I think I know the answer to this before I ask it.Could it be said that all LD people are Vanilla in bed.In my case my wife is both.And just wondering is that the way it is in the universe.


----------



## Tall Average Guy (Jul 26, 2011)

Just Wondering said:


> I think I know the answer to this before I ask it.Could it be said that all LD people are Vanilla in bed.In my case my wife is both.And just wondering is that the way it is in the universe.


While I would not go so far as to say all, I suspect there is a strong correlation. If a person does not have a strong interest in sex, they likely won't have a strong interest in trying different types of sex.


----------



## committed4ever (Nov 13, 2012)

What is outside the lines of vanilla? In other words, NOT vanilla?
_Posted via Mobile Device_


----------



## michelle13 (Oct 23, 2012)

What is the difference between "vanilla" and not? Is it perception? My hubby thought we always do the same old thing all the time...Well we got a Kama Sutra book and flipped through it, we do almost all of the positions in the book. With the exception of one or two. We were both surprised and didn't realize that we switched positions that much during sex.


----------



## Woodchuck (Nov 1, 2012)

Just Wondering said:


> I think I know the answer to this before I ask it.Could it be said that all LD people are Vanilla in bed.In my case my wife is both.And just wondering is that the way it is in the universe.

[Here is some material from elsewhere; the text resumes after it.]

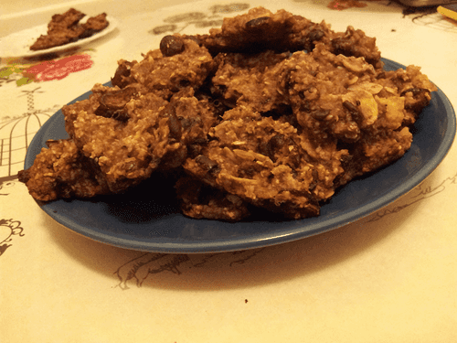 Смазать бумагу для выпечки маслом, уложить на противень и выложить на нее небольшими порциями получившуюся смесь. Выпекать 15 минут в предварительно разогретой до 250 градусов духовке.

HELL NO....My wife and I are both HD, me being extremely so....There was a period of several years when we were able to spend 3-4 hours in bed every morning before I went to work. The kids were in school, and we had unlimited access to privacy...

It was not unusual for us to have sex 2-3 times a day 5 days a week....1-2 a day on week ends. It was extremely intense sweaty passionate sex, and it was extraordinary VANILLA....I miss those times...:smthumbup:


----------



## john_lord_b3 (Jan 11, 2013)

Just Wondering said:


> I think I know the answer to this before I ask it.Could it be said that all LD people are Vanilla in bed.In my case my wife is both.And just wondering is that the way it is in the universe.


Eh.. you got a point here.. I am LD, my sex life are scheduled (mostly only at weekends), exact same place (only in the bedroom), exact same two positions. Thanks God my wife doesn't complain. 

But maybe not all LDs are like me though. Surely there are others.


----------



## EntirelyDifferent (Nov 30, 2012)

Just Wondering said:


> I think I know the answer to this before I ask it.Could it be said that all LD people are Vanilla in bed.In my case my wife is both.And just wondering is that the way it is in the universe.


No... I think everyone is different. I'd consider myself LD, and sex has a tendency to bore me if we do it the same way all the time. So I'm constantly looking for ways to keep it interesting and fun for both of us.


----------



## humdrumbum (Mar 2, 2013)

My wife is ultra LD... and it's the most vanilla sex I can imagine. Once in a blue moon, she'll get on top, but maybe 'blue' is too frequent a word.. Actually, sex ever blue moon would be an improvement...


----------